- Flag Coat of arms
- Municipal location in Fuerteventura
- La Oliva Location in the province of Las Palmas La Oliva La Oliva (Canary Islands) La Oliva La Oliva (Spain, Canary Islands)
- Coordinates: 28°36′40″N 13°55′40″W﻿ / ﻿28.61111°N 13.92778°W
- Country: Spain
- Autonomous Community: Canary Islands
- Province: Las Palmas
- Island: Fuerteventura

Area
- • Total: 356.13 km^{2} (137.50 sq mi)

Population (2025-01-01)
- • Total: 30,022
- • Density: 84.301/km^{2} (218.34/sq mi)

= La Oliva =

La Oliva (/es/) is a town and a municipality in the northern part of the island of Fuerteventura in the Province of Las Palmas, Canary Islands, Spain. The population is 29,174 (2023), and the area is 356.13 km^{2}. The municipality includes the Lobos Island to the northeast, just off Corralejo.

== History ==
An anonymous manuscript relates that the town of La Oliva was founded in 1500 by individuals known to the Hernández brothers, residents of Betancuria. La Oliva is also the historic seat of the island's Colonels, who resided in the stately Casa de los Coroneles. Because of this, it succeeded the Villa de Betancuria as the capital of Fuerteventura from 1834 until 1860, when Puerto de Cabras became the new capital.
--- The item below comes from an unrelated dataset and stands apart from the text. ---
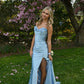 Blue Fashion Elegant Floral Long Satin Slit Prom Dress Evening Dress Wedding Guest Party Dress Graduation Dress gh3986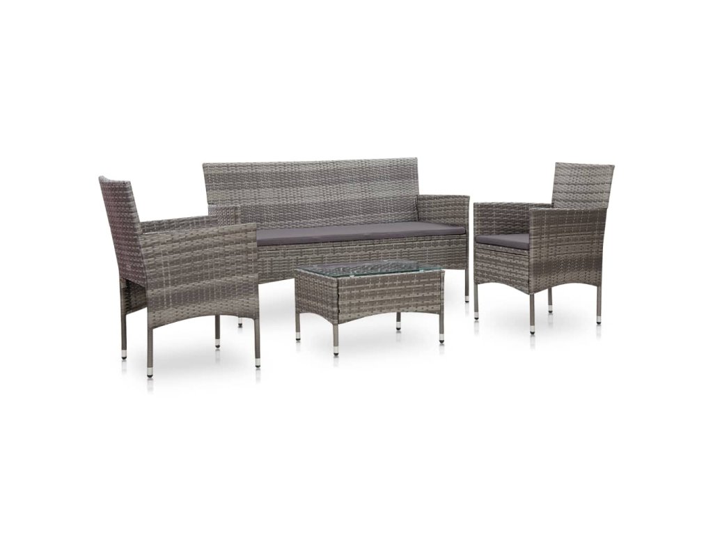 vidaXL 4-dielna záhradná sedacia súprava+podložky, polyratan, sivá

The largest town of the municipality, Corralejo (14,318 inhabitants in 2023, including Playa de Corralejo), is a port town and major beach resort at the northernmost point of the island. Other major settlements and their 2023 population are Geafond (3,985), Villaverde (2,118), Lajares (2,012), and El Cotillo (1,474); the town of La Oliva had 1,720.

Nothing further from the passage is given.